The most the atheist can claim is that, on Christian assumptions, the atheist's views on these issues are closer to what God wills than are the Christian's views, but in order to make this claim the atheist has to piggyback on a Christian moral understanding.

Moreover, the atheist cannot say that the Christian is wrong in holding the views on these issues that he does. The most he can say is that the Christian is being inconsistent with what he professes. And that may be true, but the atheist judges the Christian for inferior morality while adopting values himself that are grounded in nothing but his own tastes. They have no objective purchase at all.

This is the point I seek to make in my novel In the Absence of God.
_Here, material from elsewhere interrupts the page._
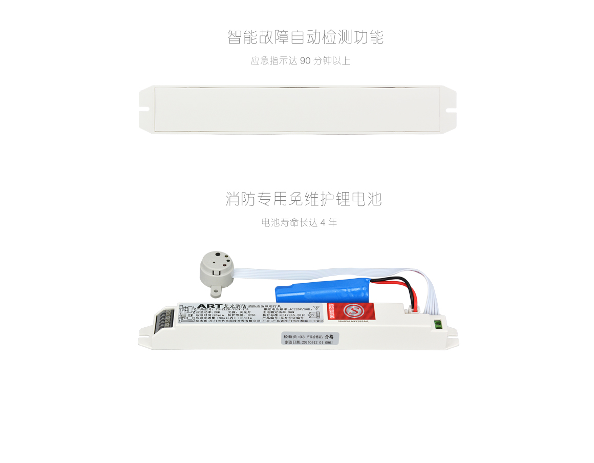 產品型號: T5A可驅動燈具:(28W、1.15米),(21W、0.85米),(14W、0.55米)T5熒光燈管 (36W、1.2米),(30W、0.9米),(18W、0.6米)T8熒光燈管應急時間: ≥90分鐘( 超長應急)電池類型: 鋰電池ZD3.7V 2200mAh產品尺寸: 282*24*22.5mm執(zhí)行標準: GB17945-2010新國標

An atheist, if he's to be consistent, can either give up the pretense of holding to some non-arbitrary moral standard and admit that he's just making his morality up as he goes along, or he can admit that he believes that right and wrong are not just matters of taste but are real, objective features of the world. But if he admits that then, to be consistent, he'd have to give up his atheism and become a theist. He has to do one or the other, or he could simply do neither and admit that he prefers to live irrationally.